As Jessica had been stable on the Milrinone for a while we asked if there was any chance of going to a hospital closer to home so I could be closer to family and friends. Taunton didn’t have anyone with enough cardiac knowledge so it was agreed she could go to Exeter, which is where both sets of grandparents live. On 1st February 2011 she moved to Royal Devon & Exeter NHS Foundation Hospital, Exeter. Although I wanted her to move I was also nervous about her going to a general children’s ward so I stayed in hospital with her 24/7 for a few days. Jessica and I got used to the new surroundings hence I was able to go home in the evening more often to spend some time with Ben which was fantastic. After a few weeks, as long as I had another person with me, I was allowed to take Jessica outside in the hospital grounds for walks. It was so good to get her outside so she could experience more than a hospital ward. The cardiologist that visits Exeter did regular ECHO’s on Jessica and at the end of April 2011 after one he said ‘that Jessica’s heart function had improved enough to try and wean the Milrinone again’, so they’d try to get her up to Bristol as quickly as they were able to do so. But as usual with Jessica she was the one to decide when this would happen as her Hickman became blocked a few weeks later, and Exeter couldn’t get it working. So off in an ambulance we went to Bristol. They got it working but since we were there they decided to wean the Milrinone and introduce a beta-blocker. I stayed with Jessica on ward 32. It was really nerve racking time once she was off the Milrinone. Finally it worked, my gorgeous girl was free of being permanently attached to an IV pump. They kept the Hickman line in just incase. This was great news but I was scared of going straight home. The doctors on ward 32 reassured me that her heart function was so much better, however, I was asked to go to Exeter hospital for a few days first.

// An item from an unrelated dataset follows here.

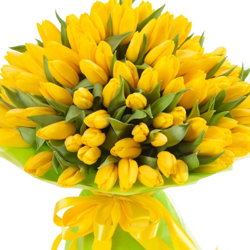 Букет состоит из 101 желтый тюльпан, красивая упаковка, атласная лента.

The day we were supposed to move from Exeter to Taunton Jessica started being sick and my first thought was her heart and we didn’t go. It was just a bug but then when they flushed her Hickman line it was leaking. We had another trip in an ambulance up to Bristol for the line to be removed, although it was a simple procedure I still hated leaving her at theatre. A few days later we finally made it to Taunton hospital where we stayed for about a week so they could get to know Jessica, and I could get into a routine with her NG feeds & meds. Finally after nearly 10 months in hospital we got to take Jessica home.

Ben had to stay with his grandparents until the end of the week as he’d been in contact with chicken pox which could have been dangerous for Jessica. I was quite upset by this as I was so desperate for us all to be together. When he came home at the end of that week it was just the best feeling that we were all together in our own home.

Though she is still mainly NG fed Jessica has come on so well since being at home. Jessica has been told to behave so that we can have this Christmas and New Year at home together.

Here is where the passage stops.